Tony: An osseointegrated device, including surgery, is approximately $20,000, a figure that most people cannot afford. If CMS’ proposal were accepted, it would significantly limit access to this modality for people who need it.
It would not save CMS a significant amount of money to limit access to these systems for Medicare recipients. Osseointegrated implants have been available since the mid-90s in the United States, yet there are only about 6,500 Medicare recipients who currently have them.
Carolyn: So if Medicare no longer covered these systems, it would not be a significant cost savings for CMS, but it would be a significant cost barrier for patients who need the systems to hear.
Tony: Yes. And because of the trickle down effect to private insurance, it could limit access to osseointegrated implants for almost everyone.
Carolyn: Tony, you mentioned that osseointegrated systems have been available in the U.S. since the mid-1990s. I know there is a very large evidence base of their efficacy and benefits.
Tony: That is correct. The first patient was implanted with an osseointegrated system in the late 1970s in Sweden, so it is almost 40 years that these systems have been available globally. More than 100,000 people have been implanted worldwide. The U.S. FDA approved osseointegrated systems in August 1996. There are more than 300 published clinical papers regarding the efficacy of osseointegrated systems. If the new proposal were accepted, the United States would be one of very few industrialized nations not to cover this life-changing technology.
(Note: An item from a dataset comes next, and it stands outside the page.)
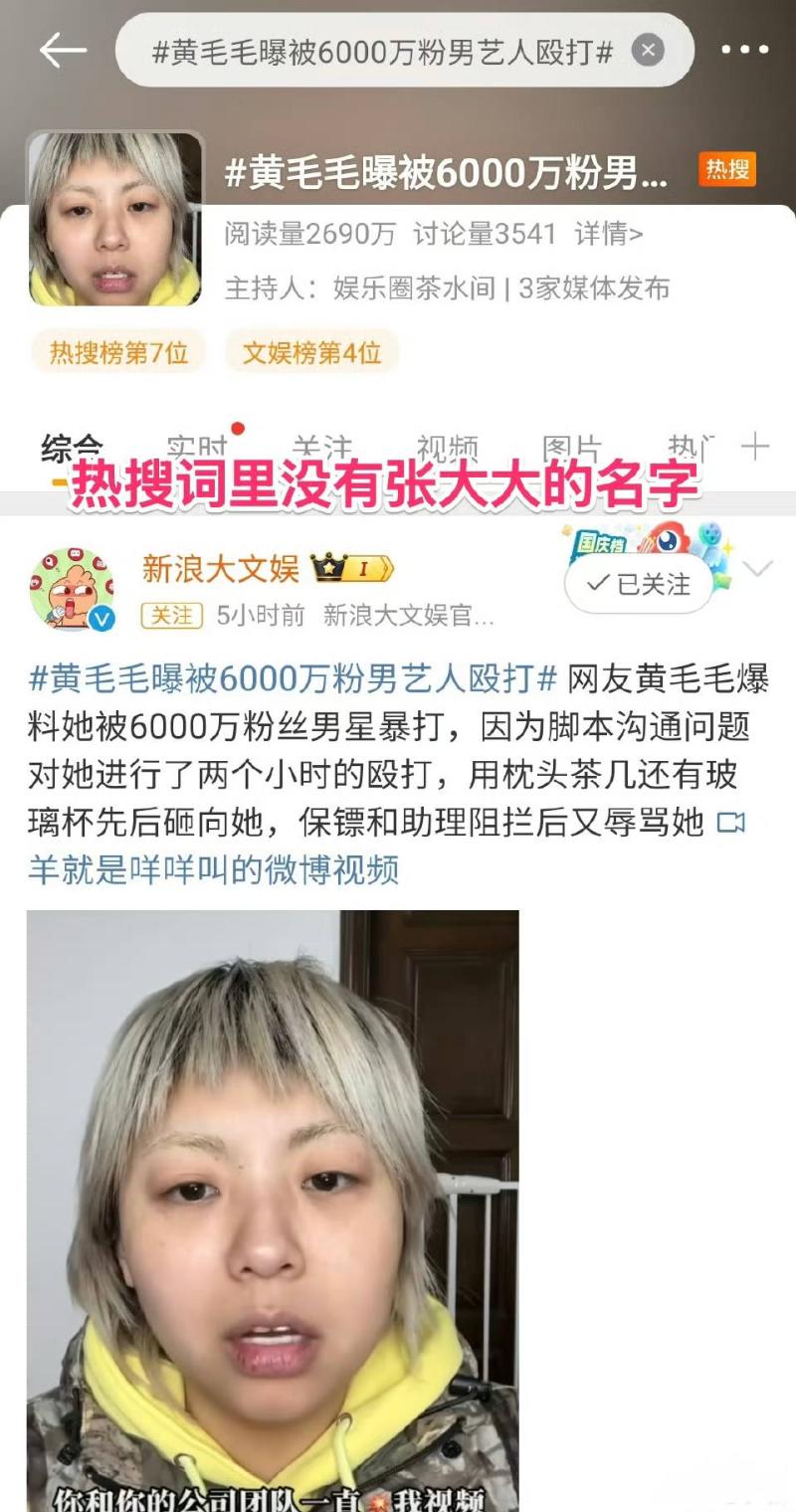 網友嘗試搜尋「黃毛毛」,可以看到#黃毛毛曝被6000萬粉男藝人毆打#這個話題,卻看不到張大大的名字。

We’re asking professionals, current and prospective users and their loved ones, and patient advocates to voice their dissatisfaction with the proposed rule so these systems can continue to be covered by Medicare. Here is the link to leave comments to CMS – the comment period is closing on September 2nd: http://www.regulations.gov/#!submitComment;D=CMS-2014-0092-0002
In addition, people seeking more information can visit www.HelpNowHearAlways.com.
Carolyn: I left a comment today and it only took about 2 minutes – I urge everyone reading this to do the same. Thanks for your time and we’re hoping for a positive resolution to this issue.